>>>>

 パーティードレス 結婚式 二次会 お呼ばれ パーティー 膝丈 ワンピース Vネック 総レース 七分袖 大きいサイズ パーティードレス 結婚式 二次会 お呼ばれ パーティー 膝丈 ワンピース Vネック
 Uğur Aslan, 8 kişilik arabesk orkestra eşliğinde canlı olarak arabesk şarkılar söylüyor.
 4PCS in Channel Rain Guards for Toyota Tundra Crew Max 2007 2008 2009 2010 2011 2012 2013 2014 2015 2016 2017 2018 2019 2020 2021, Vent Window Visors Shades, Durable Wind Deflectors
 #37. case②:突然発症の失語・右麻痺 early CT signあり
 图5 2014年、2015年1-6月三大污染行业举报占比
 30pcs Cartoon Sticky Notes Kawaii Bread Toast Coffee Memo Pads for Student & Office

<<<<
>>>>

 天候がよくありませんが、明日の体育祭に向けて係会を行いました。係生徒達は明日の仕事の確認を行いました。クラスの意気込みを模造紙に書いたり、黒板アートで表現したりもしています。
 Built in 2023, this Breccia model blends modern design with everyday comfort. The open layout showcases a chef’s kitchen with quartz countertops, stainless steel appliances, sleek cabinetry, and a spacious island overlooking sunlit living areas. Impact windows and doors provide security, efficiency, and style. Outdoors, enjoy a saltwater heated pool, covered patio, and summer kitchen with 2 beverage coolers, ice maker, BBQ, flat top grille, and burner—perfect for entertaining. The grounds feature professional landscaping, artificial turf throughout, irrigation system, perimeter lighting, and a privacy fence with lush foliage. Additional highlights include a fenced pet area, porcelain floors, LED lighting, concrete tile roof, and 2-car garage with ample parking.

<<<<

(DIRECTIONS FOR THIS TASK) When you reach the line with "#37. case②:突然発症の失語・右麻痺 early CT signあり" in the records above, start writing out lines exactly, and stop once the line with "30pcs Cartoon Sticky" has been written; include nothing else.

(SOLUTION TO THIS PROBLEM)
 #37. case②:突然発症の失語・右麻痺 early CT signあり
 图5 2014年、2015年1-6月三大污染行业举报占比
 30pcs Cartoon Sticky Notes Kawaii Bread Toast Coffee Memo Pads for Student & Office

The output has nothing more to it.